TreeSHAP¶
TreeSHAP computes exact SHAP values for tree ensemble models (XGBoost, LightGBM) using a polynomial-time algorithm that exploits the tree structure.
Why TreeSHAP?¶
| Property | TreeSHAP | Permutation SHAP |
|---|---|---|
| Accuracy | Exact | Exact (with enough samples) |
| Speed | O(TLD²) | O(samples × features × model calls) |
| Typical time | 8-200μs | 15-150ms |
| Background data | Not needed | Required |
For a model with 100 trees, TreeSHAP is typically 100-1000x faster than sampling-based methods.
Basic Usage¶
From XGBoost¶
package main
import (
"context"
"fmt"
"log"
"github.com/plexusone/shap-go/explainer/tree"
)
func main() {
// Load XGBoost model (exported from Python as JSON)
ensemble, err := tree.LoadXGBoostModel("model.json")
if err != nil {
log.Fatal(err)
}
// Create explainer
exp, err := tree.New(ensemble)
if err != nil {
log.Fatal(err)
}
// Explain a prediction
ctx := context.Background()
instance := []float64{0.5, 0.3, 0.8, 0.2, 0.9}
explanation, err := exp.Explain(ctx, instance)
if err != nil {
log.Fatal(err)
}
// Print results
fmt.Printf("Prediction: %.4f\n", explanation.Prediction)
fmt.Printf("Base Value: %.4f\n", explanation.BaseValue)
fmt.Println("\nTop contributing features:")
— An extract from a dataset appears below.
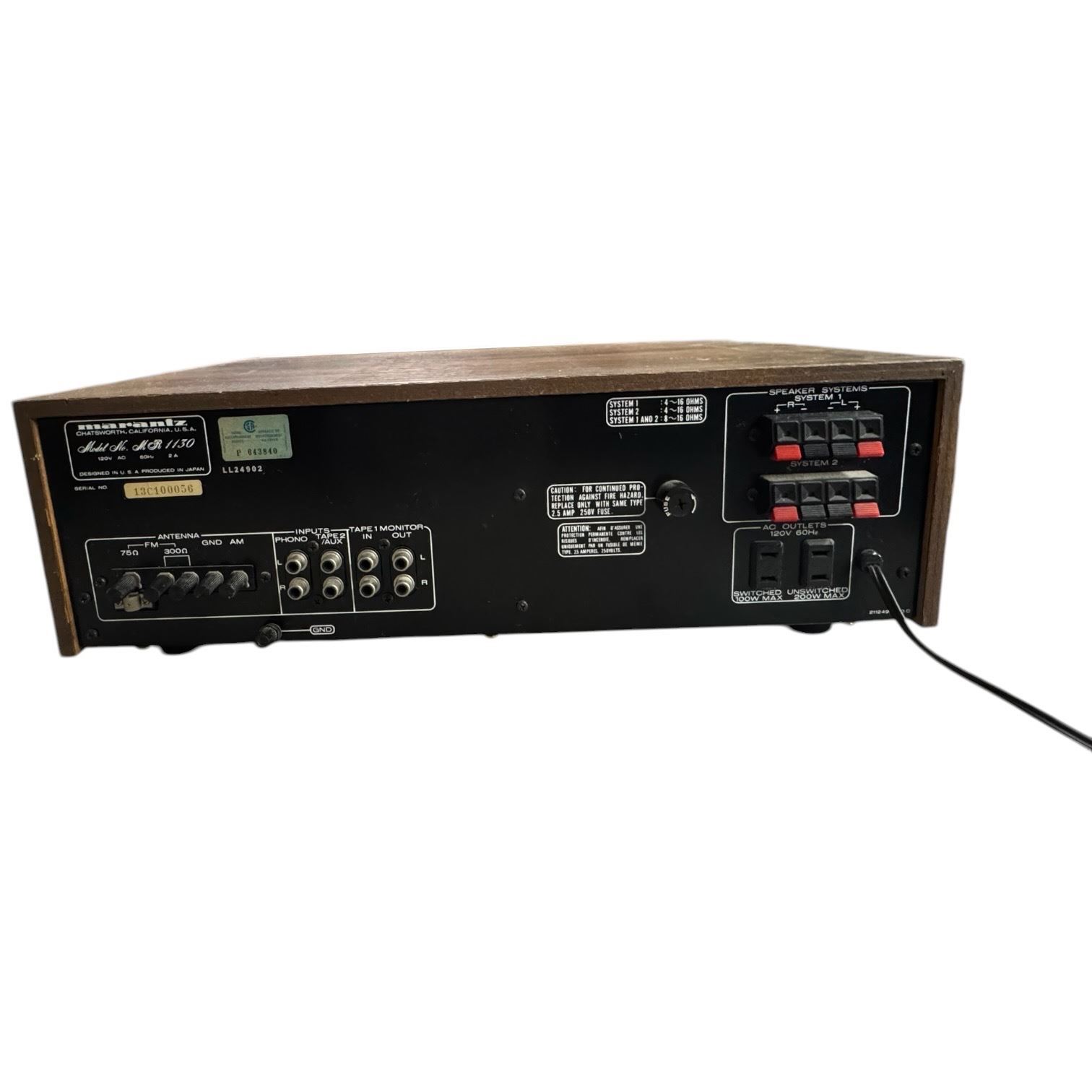 Marantz MR 1130 stereo receiver with AM/FM tuner from the 1970s. Solid state design featuring controls for bass, treble, balance, and input selection. Includes tuning meter and headphone output. Known for its classic vintage audio performance. Item is as pictured.

for _, feat := range explanation.TopFeatures(5) {
sign := "+"
if feat.SHAPValue < 0 {
sign = "-"
}
fmt.Printf(" %s %s: %.4f\n", sign, feat.Name, feat.SHAPValue)
}
}
From LightGBM¶
// Load LightGBM model (exported with dump_model())
ensemble, err := tree.LoadLightGBMModel("model.json")
if err != nil {
log.Fatal(err)
}
exp, err := tree.New(ensemble)
// ... same as above
Batch Processing¶
Explain multiple instances efficiently with parallel workers:
// Create explainer with parallel processing
exp, _ := tree.New(ensemble,
explainer.WithNumWorkers(4), // Use 4 CPU cores
)
// Prepare batch
instances := [][]float64{
{0.1, 0.2, 0.3, 0.4, 0.5},
{0.5, 0.4, 0.3, 0.2, 0.1},
// ... more instances
}
// Explain all at once
ctx := context.Background()
explanations, err := exp.ExplainBatch(ctx, instances)
if err != nil {
log.Fatal(err)
}
// Process results
for i, exp := range explanations {
fmt.Printf("Instance %d: prediction=%.4f\n", i, exp.Prediction)
}
Understanding TreeSHAP Output¶
Base Value¶
The base value is the expected prediction across all possible feature coalitions, weighted by the training data distribution (cover). This is computed directly from the tree structure.
SHAP Values¶
Each feature gets a SHAP value indicating how much it pushed the prediction away from the base value:
- Positive SHAP: Feature increased the prediction
- Negative SHAP: Feature decreased the prediction
- Zero SHAP: Feature had no effect
Local Accuracy¶
TreeSHAP guarantees:
Verify this:
result := explanation.Verify(1e-9)
if !result.Valid {
log.Printf("Warning: accuracy issue, diff=%.2e\n", result.Difference)
}
Configuration Options¶
exp, err := tree.New(ensemble,
// Feature names (optional - uses model's if available)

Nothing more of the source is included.